Maira spontan menunduk, wajahnya berkerut. ‘Astagfirullah.’
"Aku akan bayar kau sepuluh juta untuk waktu yang telah kau luangkan demi menemaniku menjadi pacar sewaan. Tenang aja," jelasnya merasa yakin bahwa Maira akan setuju.

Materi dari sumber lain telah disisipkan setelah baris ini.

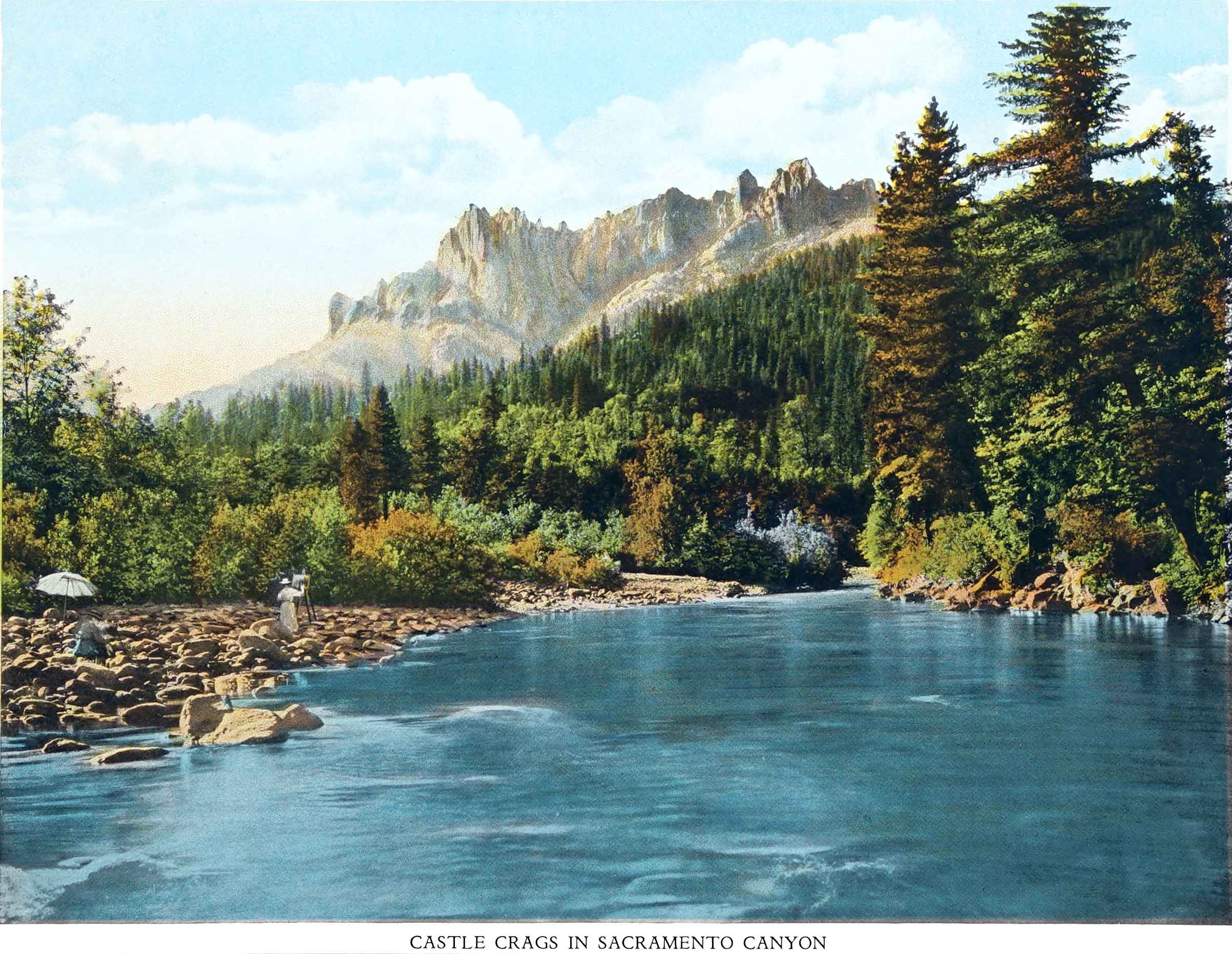 Castle Crags, in the Sacramento Canyon, are great granite rocks, rising close beside

"Se-sepuluh juta?" Maira terkejut.
"Mmh, bagaimana?" tanyanya.
Maira terpelongo. 'Itu duit semua? Sehari? Kok aku kayak jadi pelayan om-om rasanya dengan bayaran segitu?' gumam Maira dalam hati sembari membuang pandangannya ke arah kanan. Hal itu jelas terlihat karena usia mereka terpaut jauh, Maira 22 tahun sementara Kanz 31 tahun.
Maira menggeleng. “Maaf, Pak, Saya tidak mau.”
Kanz berdecak. ‘Ck, dia menolakku? Berani sekali!’
Kanz mencari cara lain agar gadis itu setuju. Akhirnya dia menggunakan kesalahan Maira untuk permintaannya.
"Eh, tunggu! Bukankah kau punya utang biaya perbaikan kaca mobilku yang pecah?" sambar Kanz memainkan jarinya lalu tersenyum tipis.
‘Ya Allah, dia pakai alasan itu lagi! Mati aku.’ Maira memejamkan matanya.
“I-Iya, Pak,” jawab Maira terbata-bata.
"Kau lihat mobilku sudah kembali ke bentuk semula di luar?" tanyanya lagi.
"Mmh, i-iya,” jawabnya lemas.
"Untuk biaya perbaikan totalnya dua puluh lima juta, ditambah stiker pelindung dua juta dan upah pegawainya satu juta. Jadi totalnya berapa?" tanya Kanz.
Maira mendengarkan rinciannya sembari menghitung semuanya. "Dua puluh delapan juta, Pak." Maira lemas mendengarnya.
Kanz mengangguk. “Anak pintar!” pria itu tersenyum jahat. “Berarti kau tidak ada alasan untuk menolakku,” sambungnya mendelik ke arah Maira.
Kacau, hati Maira sangat kacau. Situasi buruk kemarin membawanya terjebak dalam jebakan Kanz.
“Ta-tapi, Pak!” Maira berusaha menolaknya.
“Hmm? Kenapa? Apa kau mau bayar lunas?” tanya Kanz.
Maira menggeleng. “Saya tidak punya uang sebanyak itu, Pak,” jawabnya dengan nada rendah.
“Kalau begitu kau harus setuju. Sekarang kembalilah bekerja,” pintanya.
"Iya, Pak. Saya permisi." Gadis itu berdiri dari kursi dan melangkah ke pintu.
“Tunggu-“ kata Kanz.
Maira berbalik. “Ya, Pak?”
“Jangan katakan hal ini pada siapa pun, cukup Kau yang tau.”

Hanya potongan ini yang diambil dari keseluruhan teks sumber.